Opeens drong een afgrijselijke waarheid tot Timo door.
Dit meisje was niet van vlees en bloed…
Na het gedwongen afscheid van zijn mysterieuze vriend Andolome heeft de veertienjarige Timo het heel moeilijk. Zelfs thuis lukt het nauwelijks. Zijn ouders nemen het telkens weer voor April op, hun nieuwe logee, terwijl Timo het absoluut niet goed met haar kan vinden.
April aarzelt dan ook niet om Timo op alle mogelijke manieren heel bang te maken.
Wanneer Timo in de klas grijze schimmen begint te zien, wordt hij naar een psychiater gestuurd. Die beweert dat Timo last heeft van waarnemingsstoornissen. Alleen weet Timo wel beter.
Dan dreigt zijn menselijke brein samen te smelten met technologie… en barst de hel los…
Marina Defauw laat in ‘Het robotmeisje’ zien dat robots heel nuttig kunnen zijn, maar dat het ook griezelig fout kan lopen.

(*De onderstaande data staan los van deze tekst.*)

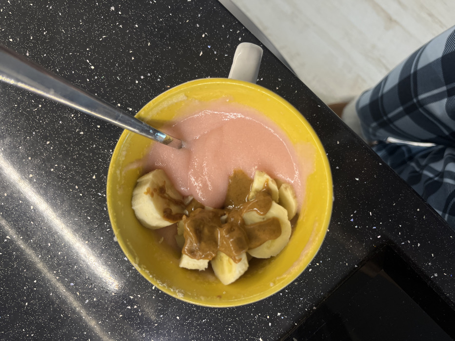 - "A yellow ceramic mug, approximately half-filled with a light pink semi-liquid food item and the other half containing several slices of banana topped with a viscous light brown substance consistent with nut butter, is positioned on a dark, speckled countertop" by FM-8H2hV2, licensed under CC BY 4.0

Volgens wetenschappers is het gedrag van robots in bepaalde omstandigheden niet altijd voorspelbaar. Stephen Hawking en Elon Musk waarschuwden al voor de gevaren van artificiële intelligentie. Vandaar de vraag hoe slim robots mogen worden.
‘Het robotmeisje’ is het vervolg van ‘Panfluit met gouden noten’, maar kan als afzonderlijk boek gelezen worden.